We searched the Cochrane Breast Cancer Group Specialized Register (4 May 2015), the Cochrane Central Register of Controlled Trials (CENTRAL) (2015, Issue 5), MEDLINE (January 1966 to 4 May 2015), EMBASE (1980 to 4 May 2015), CINAHL (4 May 2015) and Current Contents (4 May 2015). We searched the International Standard Randomised Controlled Trial Number Register (5 May 2015), the World Health Organization's International Clinical Trials Registry Platform (4 May 2015) and ClinicalTrials.gov (17 June 2015). We searched for grey literature: OpenGrey (17 June 2015), reference lists of articles, several conference proceedings and published abstracts, and applied no language restrictions.
Randomized controlled trials (RCTs) without confounding, that evaluated conservative surgery plus PBI/APBI versus conservative surgery plus WBRT. Published and unpublished trials were eligible.
Two review authors (BH and ML) performed data extraction and used Cochrane's 'Risk of bias' tool, and resolved any disagreements through discussion. We entered data into Review Manager 5 for analysis.
We included seven RCTs and studied 7586 women of the 8955 enrolled.
Local recurrence-free survival appeared worse for women receiving PBI/APBI compared to WBRT (hazard ratio (HR) 1.62, 95% confidence interval (CI) 1.11 to 2.35; six studies, 6820 participants, low-quality evidence). Cosmesis (physician-reported) appeared worse with PBI/APBI (odds ratio (OR) 1.51, 95% CI 1.17 to 1.95, five studies, 1720 participants, low-quality evidence). Overall survival did not differ with PBI/APBI (HR 0.90, 95% CI 0.74 to 1.09, five studies, 6718 participants, high-quality evidence).
Late radiation toxicity (subcutaneous fibrosis) appeared worse with PBI/APBI (OR 6.58, 95% CI 3.08 to 14.06, one study, 766 participants, moderate-quality evidence). Acute skin toxicity appeared reduced with PBI/APBI (OR 0.04, 95% CI 0.02 to 0.09, two studies, 608 participants). Telangiectasia (OR 26.56, 95% CI 3.59 to 196.51, 1 study, 766 participants) and radiological fat necrosis (OR 1.58, 95% CI 1.02 to 2.43, three studies, 1319 participants) appeared worse with PBI/APBI. Late skin toxicity (OR 0.21, 95% CI 0.01 to 4.39, two studies, 608 participants) and breast pain (OR 2.17, 95% CI 0.56 to 8.44, one study, 766 participants) appeared not to differ with PBI/APBI.
'Elsewhere primaries' (new primaries in the ipsilateral breast) appeared more frequent with PBI/APBI (OR 3.97, 95% CI 1.51 to 10.41, three studies, 3009 participants).

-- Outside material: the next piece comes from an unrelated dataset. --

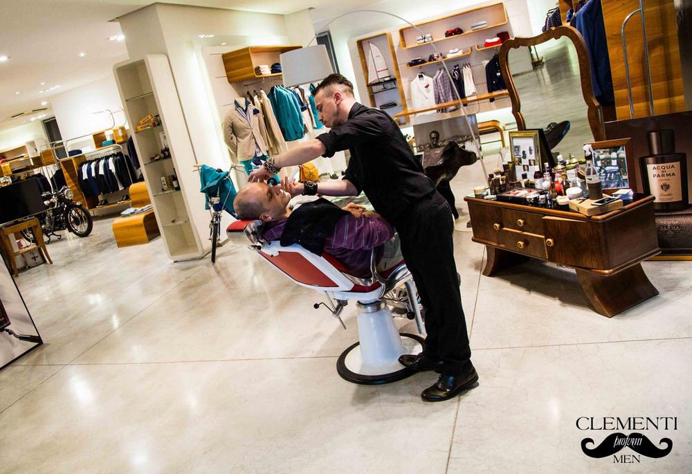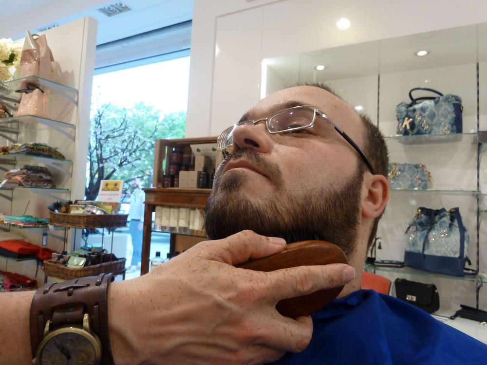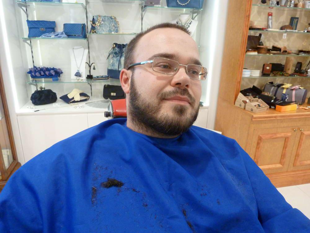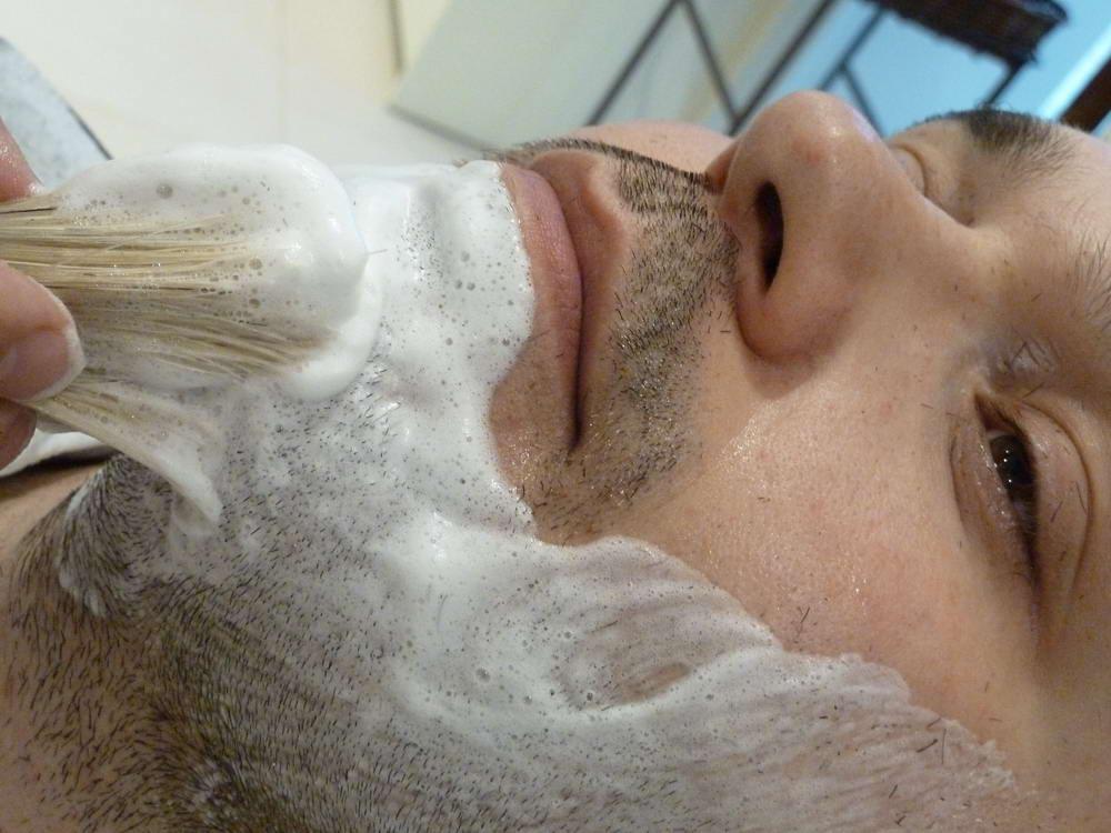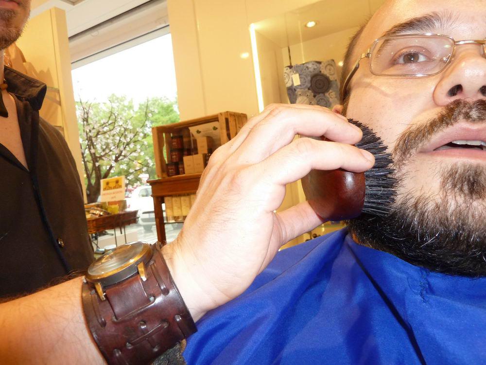 Poi è passato all’insaponatura a pennello, taglio e massaggio finale con un balsamo dopobarba.

We found no clear evidence of a difference for the comparison of PBI/APBI with WBRT for the outcomes of: cause-specific survival (HR 1.08, 95% CI 0.73 to 1.58, five studies, 6718 participants, moderate-quality evidence), distant metastasis-free survival (HR 0.94, 95% CI 0.65 to 1.37, four studies, 3267 participants, moderate-quality evidence), relapse-free survival (HR 1.36, 95% CI 0.88 to 2.09, three studies, 3811 participants), loco-regional recurrence-free survival (HR 1.80, 95% CI 1.00 to 3.25, two studies, 3553 participants) or mastectomy rates (OR 1.20, 95% CI 0.77 to 1.87, three studies, 4817 participants, low-quality evidence). Compliance was met: more than 90% of the women in all studies received the RT they were assigned to receive. We found no data for the outcomes of costs, quality of life or consumer preference.